JAKARTA, iNews.id - Menjelang terjadinya peristiwa 30 September 1965, muncul istilah-istilah baru yang diduga sebagai sandi yang digunakan Partai Komunis Indonesia (PKI) untuk mempersiapkan Dewan Revolusi. Istilah-istilah tersebut membuat masyarakat saat itu bertanya-tanya tentang apa yang akan terjadi.
Salah satu istilah baru yang muncul saat itu adalah Senam Revolusioner. Istilah itu digaungkang Subandrio dalam Kongres Serikat Buruh Perkebunan Republik Indonesia (Serbupri). Dengan istilah itu, kaum buruh didorong untuk lebih aktif menggelar aksi massa.
"Ia menyerukan kepada kaum buruh untuk menggunakan aksi-aksi sebagai senam revolusioner, agar otot-otot dan tulang-tulang gerakan buruh menjadi kuat, untuk kemudian naar de politieke macht, menuju kekuatan politik,” kata Yoga Sugomo dikutip dari buku 'Jenderal Yoga Loyalis di Balik Layar'.
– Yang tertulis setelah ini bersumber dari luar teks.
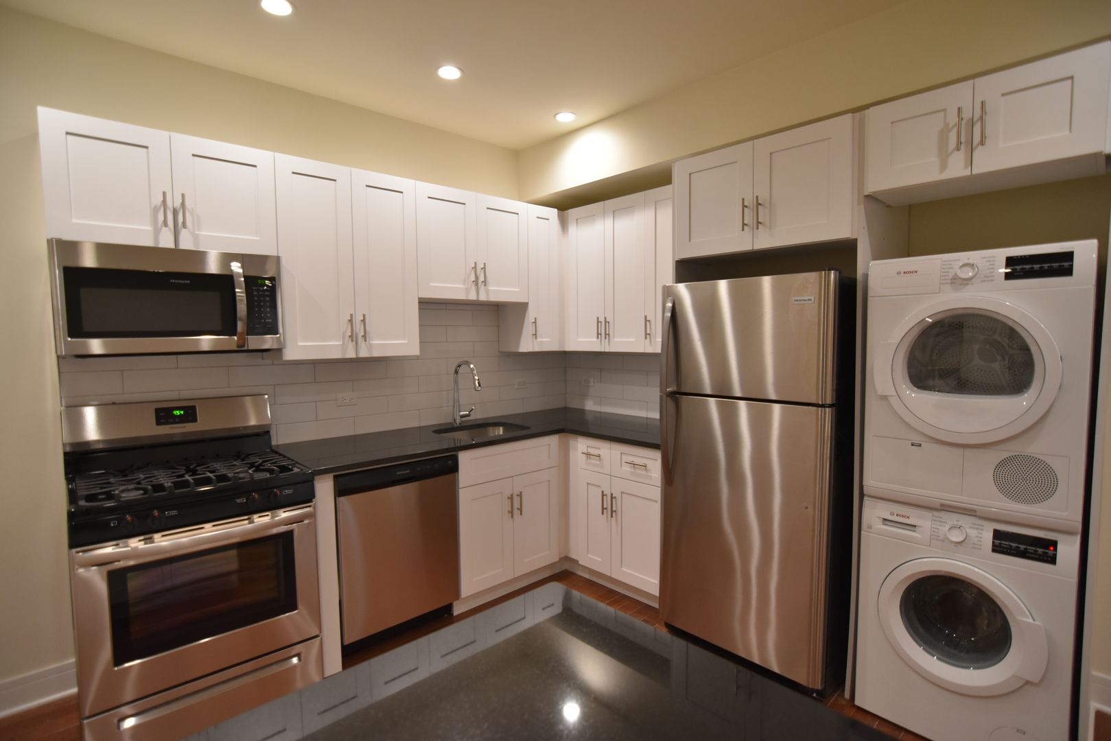 The unit has 2 large bedrooms each with nice big windows and plenty of room for queens sized beds and storage. The flooring has been replaced with new hardwood throughout. New HVAC, new modern full bath and fully equipped with in unit washer & dryer.

Subandrio adalah Kepala Badan Pusat Intelijen (BPI) sekaligus sebagai Wakil Perdana Menteri (Waperdam). Kendati tercatat sebagai kader Partai Sosialis Indonesia (PSI), kebijakan Subandrio dinilai condong kepada PKI.
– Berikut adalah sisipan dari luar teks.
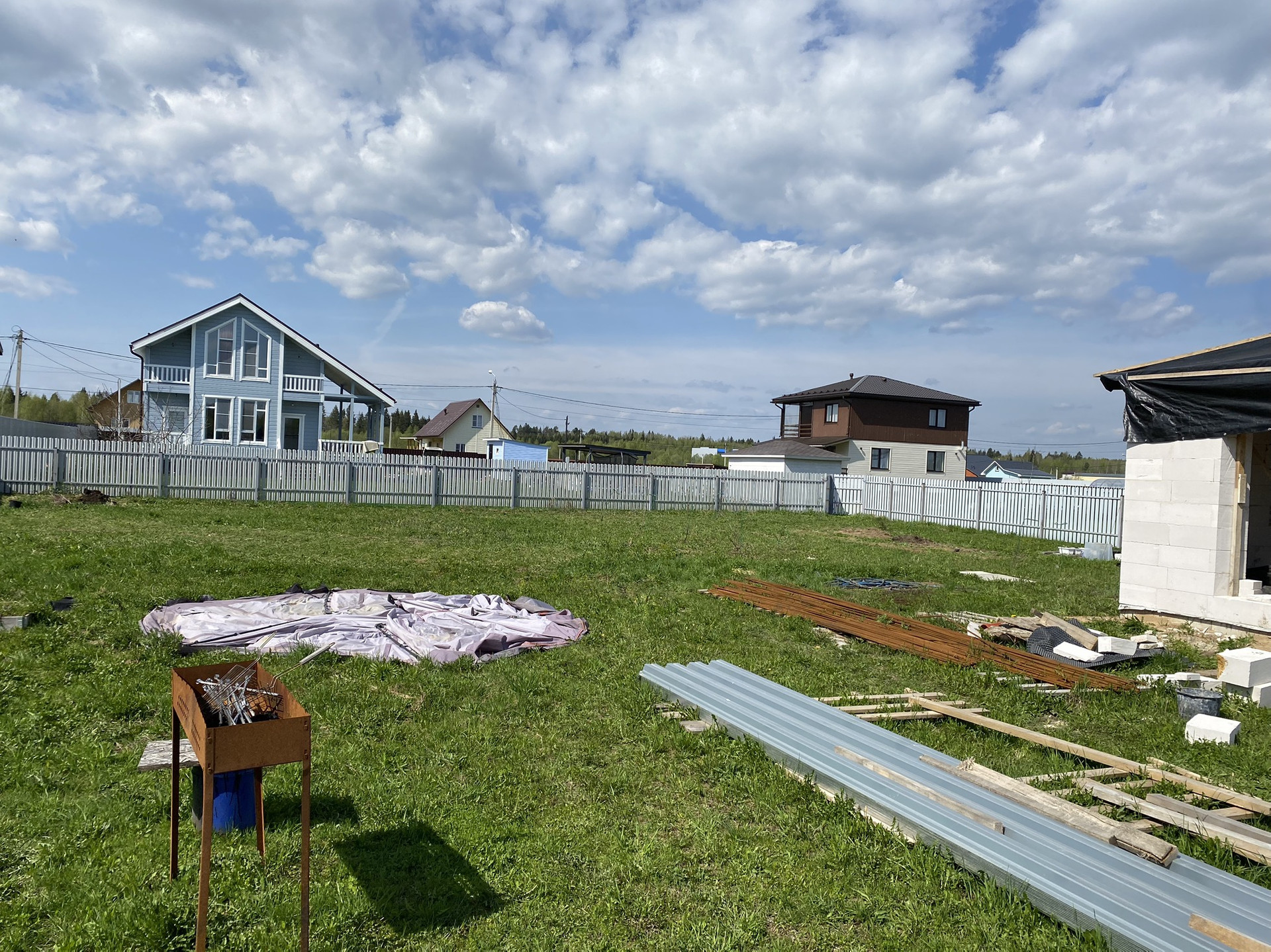 - По периметру установлен забор без фронтальной части.

Saat orang-orang PKI, BTI, dan Pemuda Rakyat terlibat benturan dengan Ansor NU di Kediri, Jawa Timur lantaran orang PKI melakukan aksi sepihak, Subandrio justru menggertak orang-orang NU.
Di depan pimpinan Ansor dan PB NU, Subandrio terang-terangan mengatakan Ansor NU tidak akan mampu melawan orang-orang PKI karena PKI menguasai intelijen. Dia justru meminta Ansor NU ikut menjaga ketenangan dan tidak terlalu agresif menghadapi PKI.
“Di bidang intelijen saudara-saudara kalah dengan PKI. Orang PKI tahu di mana saudara sekarang sedang berada. Bahkan tahu di mana Pak Idham Chalid (Ketua PBNU) dan tokoh-tokoh lainnya berada. Tetapi saudara dan tokoh NU tidak tahu di mana DN Aidit berada. Saudara harus mengerti hal ini,” kata Subandrio seperti dikutip dari buku Benturan NU PKI 1948-1965.
Ibu Pertiwi Hamil Tua
Kebijakan intelijen Subandrio juga banyak memojokkan TNI Angkatan Darat. Isu Dewan Jenderal terkait adanya sejumlah perwira tinggi Angkatan Darat yang tidak loyal kepada Presiden Soekarno atau Bung Karno juga datang darinya.
Selain istilah Senam Revolusioner, menjelang peristiwa 30 September 1965 juga muncul ungkapan Ibu Pertiwi Sudah Hamil Tua. Ungkapan itu pertama kali datang dari anggota CC PKI Anwar Sanusi.
Di tengah situasi krisis ekonomi dan politik tanah air, pernyataan Ibu Pertiwi sudah Hamil Tua itu dilontarkan berkali-kali oleh para tokoh PKI. Para lawan-lawan PKI menangkap pernyataan itu sebagai sebuah sandi gerakan politik. “Ibu Pertiwi sudah hamil tua, yang akan segera melahirkan satu kekuatan baru”.
Pada 30 September 1965, sebuah gerakan yang menamakan diri Gerakan 30 September melakukan aksi penculikan sejumlah perwira tinggi Angkatan Darat yang dituding sebagai Dewan Jenderal. Gerakan penculikan sekaligus pembunuhan dilakukan Dewan Revolusi yang dipimpin oleh Letkol Untung Sutopo.
Upaya perebutan kekuasaan itu dalam waktu cepat berhasil dipadamkan. Sejumlah pimpinan, kader, serta seluruh simpatisan PKI di Indonesia diburu dan ditangkap.
Ketua CC PKI DN Aidit, Njoto dan Untung Sutopo dieksekusi mati. Pada 12 Maret 1966, pemerintah resmi menyatakan PKI sebagai partai terlarang.